> [Exercise data]:
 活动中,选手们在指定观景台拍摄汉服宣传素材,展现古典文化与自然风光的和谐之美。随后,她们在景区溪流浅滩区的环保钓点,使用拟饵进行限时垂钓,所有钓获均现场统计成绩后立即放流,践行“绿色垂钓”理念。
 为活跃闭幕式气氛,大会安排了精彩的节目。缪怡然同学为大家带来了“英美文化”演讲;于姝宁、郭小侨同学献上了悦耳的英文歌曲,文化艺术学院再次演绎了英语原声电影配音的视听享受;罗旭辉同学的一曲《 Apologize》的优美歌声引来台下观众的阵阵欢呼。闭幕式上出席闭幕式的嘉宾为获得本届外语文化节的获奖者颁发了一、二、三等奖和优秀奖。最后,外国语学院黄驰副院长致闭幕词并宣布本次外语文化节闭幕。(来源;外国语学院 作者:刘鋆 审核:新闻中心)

--

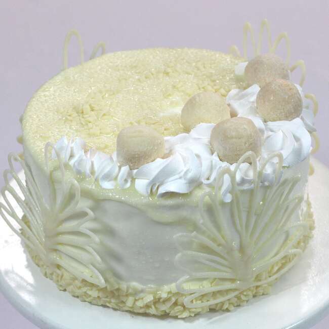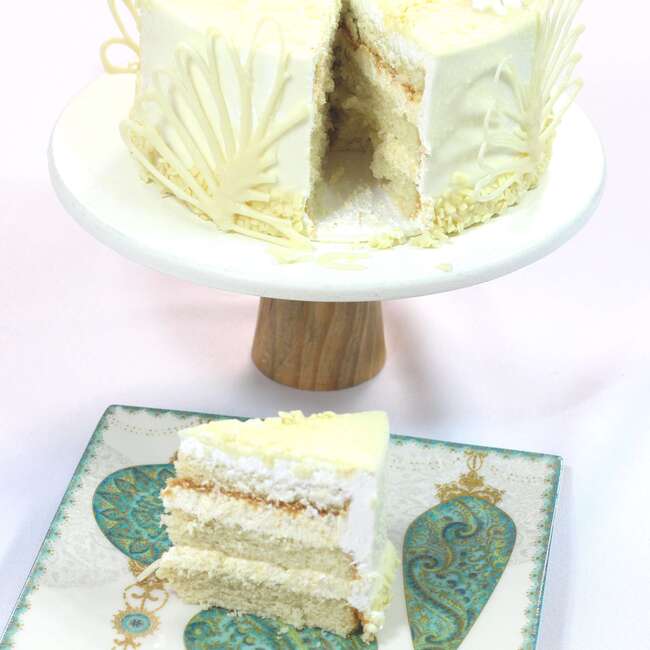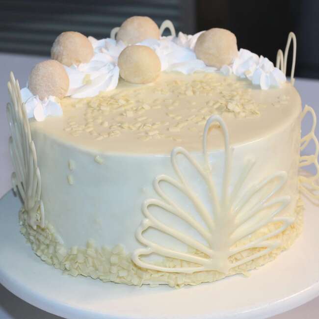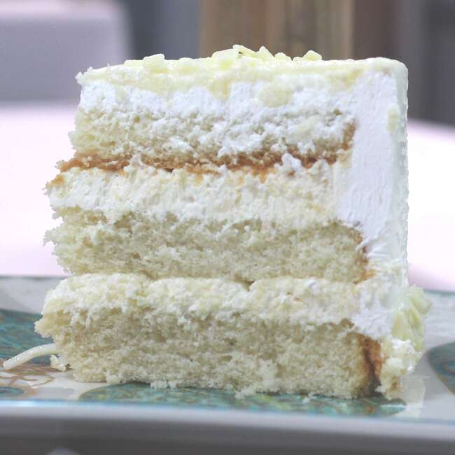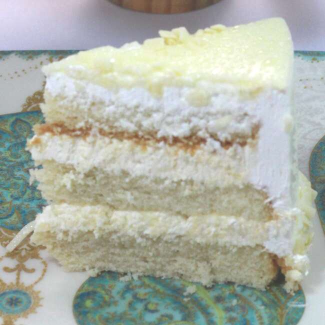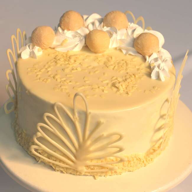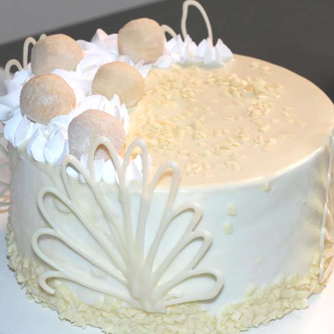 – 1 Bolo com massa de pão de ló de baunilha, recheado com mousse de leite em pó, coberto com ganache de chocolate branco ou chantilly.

...

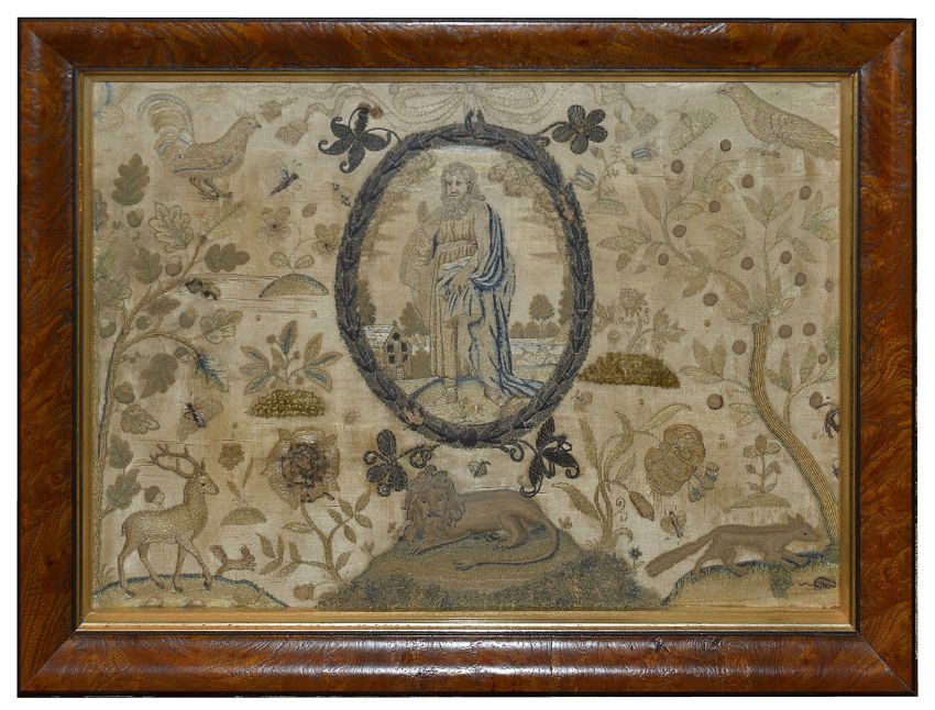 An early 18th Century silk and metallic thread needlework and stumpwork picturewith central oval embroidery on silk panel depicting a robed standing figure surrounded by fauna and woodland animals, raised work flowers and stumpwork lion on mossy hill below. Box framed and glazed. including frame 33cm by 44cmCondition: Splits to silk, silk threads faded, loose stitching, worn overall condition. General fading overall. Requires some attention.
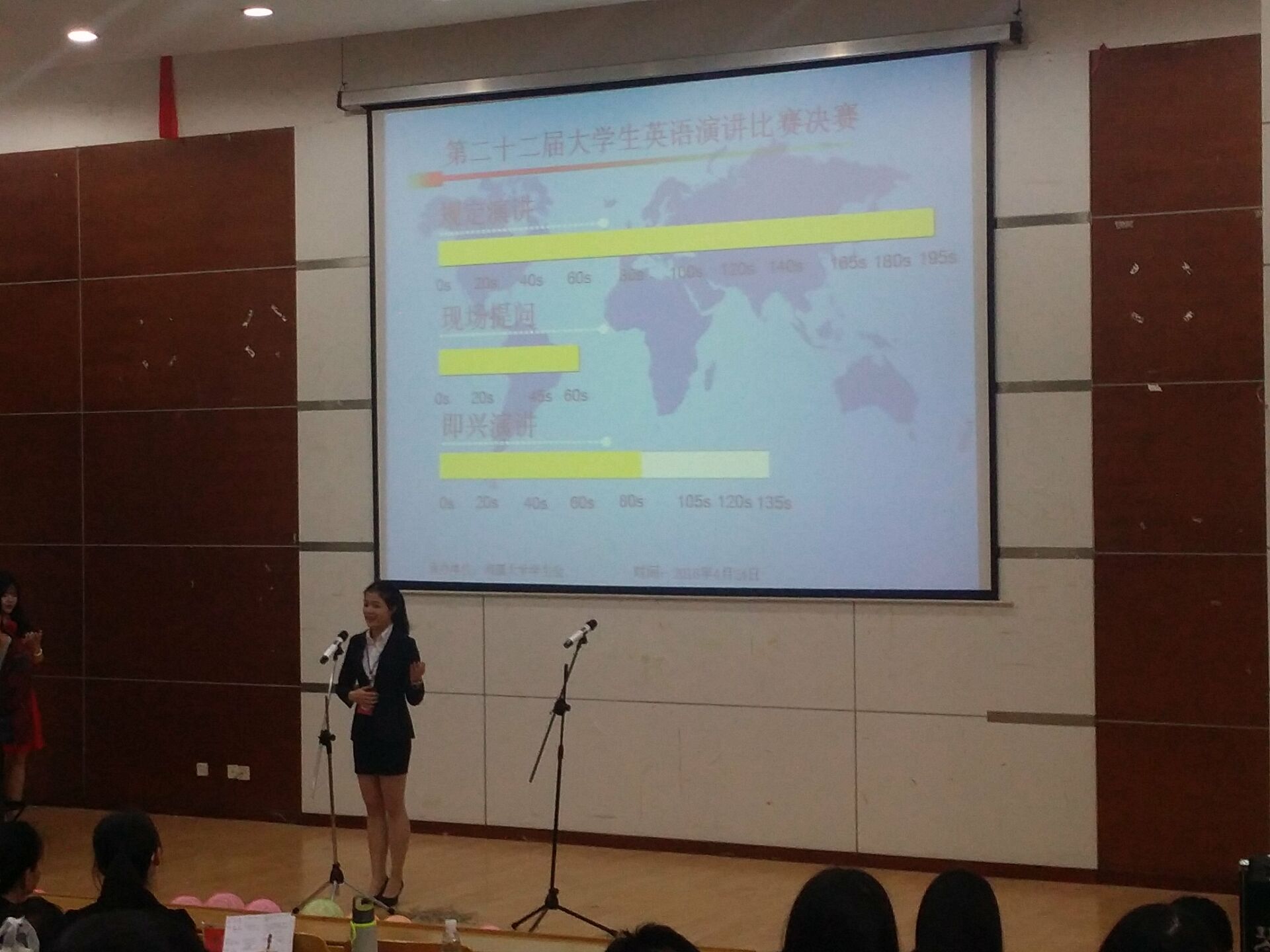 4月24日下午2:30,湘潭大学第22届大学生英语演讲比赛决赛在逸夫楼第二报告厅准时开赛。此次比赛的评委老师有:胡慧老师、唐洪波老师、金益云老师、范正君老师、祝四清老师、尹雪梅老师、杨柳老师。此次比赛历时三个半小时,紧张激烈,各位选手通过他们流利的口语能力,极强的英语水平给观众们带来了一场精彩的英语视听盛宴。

> [What is being asked]: Return only the stretch above from the line containing "An early 18th" through the line containing "4月24日下午2:30,湘潭", word for word and without pictures.

> [Output for this task]:
 An early 18th Century silk and metallic thread needlework and stumpwork picturewith central oval embroidery on silk panel depicting a robed standing figure surrounded by fauna and woodland animals, raised work flowers and stumpwork lion on mossy hill below. Box framed and glazed. including frame 33cm by 44cmCondition: Splits to silk, silk threads faded, loose stitching, worn overall condition. General fading overall. Requires some attention.
 4月24日下午2:30,湘潭大学第22届大学生英语演讲比赛决赛在逸夫楼第二报告厅准时开赛。此次比赛的评委老师有:胡慧老师、唐洪波老师、金益云老师、范正君老师、祝四清老师、尹雪梅老师、杨柳老师。此次比赛历时三个半小时,紧张激烈,各位选手通过他们流利的口语能力,极强的英语水平给观众们带来了一场精彩的英语视听盛宴。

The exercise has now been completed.